Bu evrensel isleyisin boylesine gerceklesmesi ve gerceklestirilmesi icin (yani dogal'a; ilahi yasalara uygun olmasi icin) yeryuzu gorunen ve gorunmez vibrasyonel boyut ve mekanlardan, Dunya Rabbine bagli olarak calisan idareci hiyerarsik ruhsal mekanizma, yeryuzunu en icten en disa ve en distan en ice ve tam tasarruf, hak ve iktidar ile sarmis, kusatmis ve hakim ve sahip olarak duzenlemekte, denetlemekte ve gozetmektedir. (= Tanri zar atmaz !)

Insanligin disinda insanliga ancak, yardim, himaye bilgi ve uyari yapilmaktadir iyilestirici unsur aşilari olarak. Dolayisiyla asil iyilestirici tedavi ve emek, insanligin icinden cikmak ve insanligin genel geriligini olusturan tum hususlari sergileyerek onlarin ortadan kaldirilmasina calismak ve insanligin genel kisiligindeki hastaliklari iyilestirmek ve karanliklari ortadan kaldirmak zorundadir (1).

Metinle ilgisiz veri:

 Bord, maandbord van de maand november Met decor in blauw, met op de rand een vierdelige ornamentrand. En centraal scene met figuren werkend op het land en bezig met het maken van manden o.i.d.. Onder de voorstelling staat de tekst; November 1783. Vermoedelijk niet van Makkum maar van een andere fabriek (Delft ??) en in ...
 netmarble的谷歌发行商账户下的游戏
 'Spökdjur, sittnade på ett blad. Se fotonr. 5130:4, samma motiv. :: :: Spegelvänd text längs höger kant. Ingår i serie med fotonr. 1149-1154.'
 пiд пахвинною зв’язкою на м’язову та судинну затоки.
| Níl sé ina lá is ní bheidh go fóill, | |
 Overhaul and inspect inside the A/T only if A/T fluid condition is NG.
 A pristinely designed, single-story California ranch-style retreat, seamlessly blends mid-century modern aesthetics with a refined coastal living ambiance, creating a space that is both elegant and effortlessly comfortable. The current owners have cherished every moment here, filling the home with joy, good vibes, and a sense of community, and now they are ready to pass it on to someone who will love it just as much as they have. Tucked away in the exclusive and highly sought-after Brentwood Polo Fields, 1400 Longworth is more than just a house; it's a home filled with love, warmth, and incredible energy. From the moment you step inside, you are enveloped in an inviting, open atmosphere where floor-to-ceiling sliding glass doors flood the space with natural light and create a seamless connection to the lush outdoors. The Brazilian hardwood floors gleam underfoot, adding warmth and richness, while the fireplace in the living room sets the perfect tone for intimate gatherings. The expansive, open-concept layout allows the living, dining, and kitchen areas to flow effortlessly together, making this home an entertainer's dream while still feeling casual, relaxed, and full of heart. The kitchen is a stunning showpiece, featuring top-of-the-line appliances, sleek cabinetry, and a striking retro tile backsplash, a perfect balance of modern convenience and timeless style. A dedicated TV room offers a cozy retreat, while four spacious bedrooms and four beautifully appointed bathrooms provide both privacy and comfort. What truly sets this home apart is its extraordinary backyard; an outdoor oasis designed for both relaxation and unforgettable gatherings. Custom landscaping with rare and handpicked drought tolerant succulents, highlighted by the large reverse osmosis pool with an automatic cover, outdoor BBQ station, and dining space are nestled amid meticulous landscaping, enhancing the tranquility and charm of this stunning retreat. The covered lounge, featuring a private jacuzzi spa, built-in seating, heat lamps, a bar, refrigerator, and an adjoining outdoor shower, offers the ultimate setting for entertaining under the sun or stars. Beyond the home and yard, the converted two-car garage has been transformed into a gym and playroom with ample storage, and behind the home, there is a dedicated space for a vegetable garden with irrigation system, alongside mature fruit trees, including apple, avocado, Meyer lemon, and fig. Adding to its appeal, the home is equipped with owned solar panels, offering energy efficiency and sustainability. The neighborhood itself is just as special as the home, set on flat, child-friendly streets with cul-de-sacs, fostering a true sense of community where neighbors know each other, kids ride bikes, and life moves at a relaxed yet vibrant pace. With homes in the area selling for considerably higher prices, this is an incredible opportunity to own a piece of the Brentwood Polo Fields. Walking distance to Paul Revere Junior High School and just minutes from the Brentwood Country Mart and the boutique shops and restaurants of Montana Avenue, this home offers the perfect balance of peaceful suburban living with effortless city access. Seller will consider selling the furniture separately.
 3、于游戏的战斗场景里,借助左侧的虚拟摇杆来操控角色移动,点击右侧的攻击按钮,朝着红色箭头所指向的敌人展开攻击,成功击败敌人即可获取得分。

Su anda yeryuzundeki tum barbarizm ve karanliklarin buyuk bir cogunlugu ( 'cogunluk' diyoruz zira yaradilisi - dogasi bu olanlar da vardir yani secimleri ve cekimleri en azindan bu yasamlarinda asla degismeyecek olanlar. Orn. icin bkz 3 nol'u dipnota) , insanligin ve insanlarin kupkuru, geri, cogu karanlik, bilgisiz ve cahil kisiliklerinden ortaya cikmaktadir.
Boylece gorulur ki insanligin ortak ve en amansiz dusmani, gene insanligin ta en icindedir. Bu dusmanla savasilmaktadir yeryuzunun her yaninda.

Beser ruhlarinin gorgu ve deneyim noksanligi, onlarin o anda aralarindaki evrim farkliliklarini olusturur:
Bir x varligin, maddi deneyimler sonucu olan beseri kisiliginin, belirli konulardaki bilgi ve deneyimler noksanligindan kisiliginde su veya bu eksiklikler ve mukemmellikler vardir.
Bir y varligin, maddi deneyimler sonucu olan beseri kisiliginin, belirli konulardaki bilgi ve deneyimler noksanligindan kisiliginde su veya bu eksiklikler ve mukemmellikler vardir.
Bir z varligin, maddi deneyimler sonucu olan beseri kisiliginin, belirli konulardaki bilgi ve deneyimler noksanligindan kisiliginde su veya bu eksiklikler ve mukemmellikler vardir.

Apaciktir ki, tum celiskiler, uzlasmazliklar, surtusmeler, gerilik ve nefsaniyetler, iste ancak bu cesitli nicelik ve niteliklerdeki kisiliklerdedir. O halde tum mesele bu kisiliklerdeki bilgisizlikleri, gorgusuzlukleri, eksiklikleri; yani gercek egitimsizlikten dogan yabanlik hamlik ve karanliklari gidermektir.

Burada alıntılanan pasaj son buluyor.